• Exercise: With the images removed, write out every line below exactly.

• Data section:
══════════════════════════════

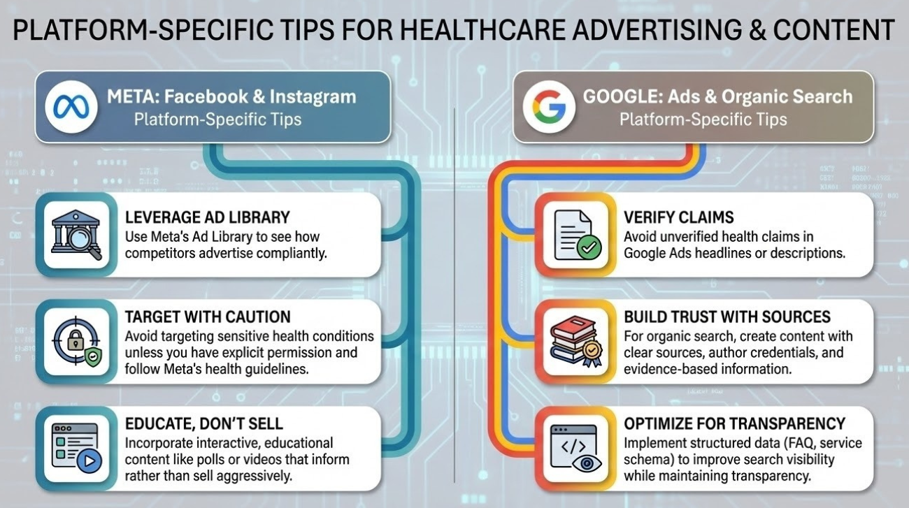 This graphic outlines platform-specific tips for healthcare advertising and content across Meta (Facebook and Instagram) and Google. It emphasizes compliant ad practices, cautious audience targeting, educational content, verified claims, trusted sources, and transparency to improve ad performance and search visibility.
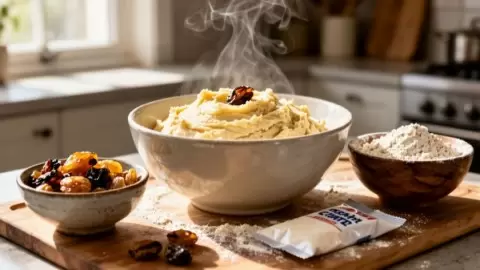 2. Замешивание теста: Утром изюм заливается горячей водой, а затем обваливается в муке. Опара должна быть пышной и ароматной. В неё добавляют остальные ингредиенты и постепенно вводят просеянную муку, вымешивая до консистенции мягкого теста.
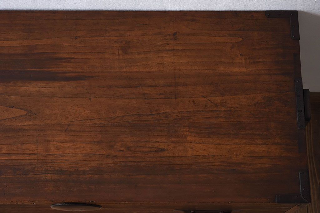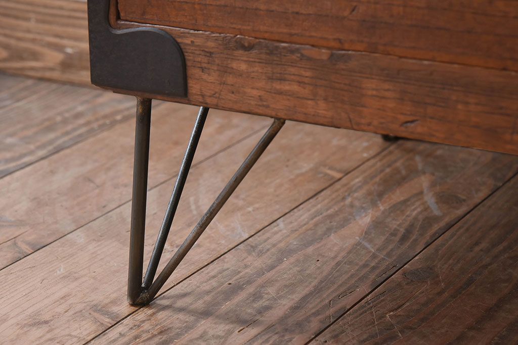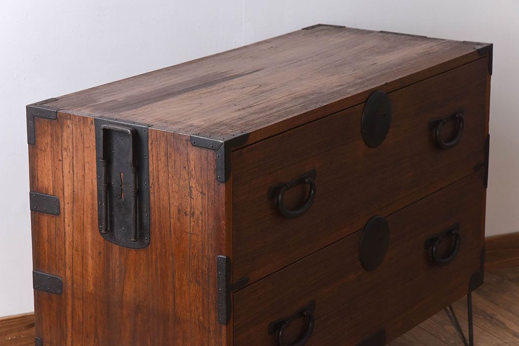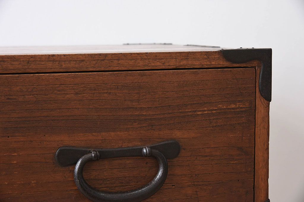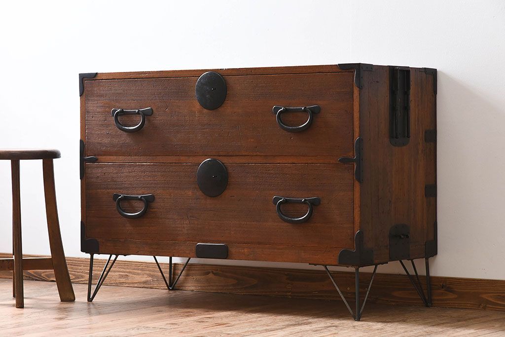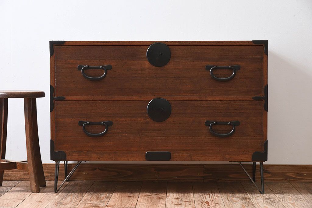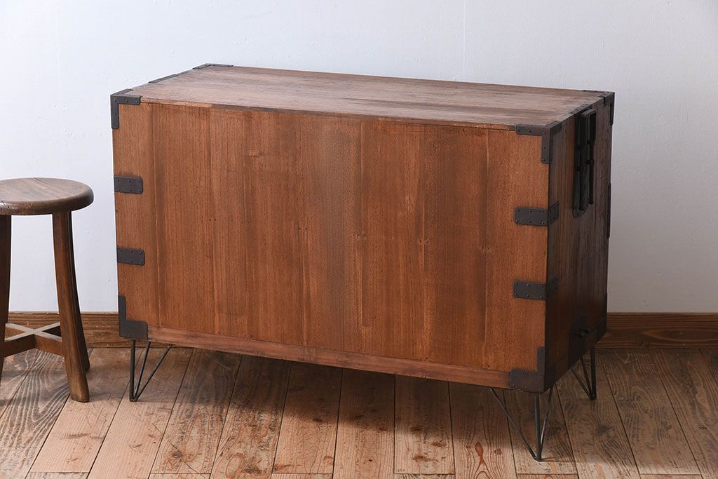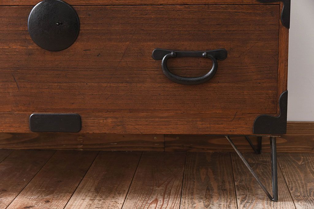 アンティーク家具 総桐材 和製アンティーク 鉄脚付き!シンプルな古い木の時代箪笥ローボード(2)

══════════════════════════════

• Reply:
 This graphic outlines platform-specific tips for healthcare advertising and content across Meta (Facebook and Instagram) and Google. It emphasizes compliant ad practices, cautious audience targeting, educational content, verified claims, trusted sources, and transparency to improve ad performance and search visibility.
 2. Замешивание теста: Утром изюм заливается горячей водой, а затем обваливается в муке. Опара должна быть пышной и ароматной. В неё добавляют остальные ингредиенты и постепенно вводят просеянную муку, вымешивая до консистенции мягкого теста.
 アンティーク家具 総桐材 和製アンティーク 鉄脚付き!シンプルな古い木の時代箪笥ローボード(2)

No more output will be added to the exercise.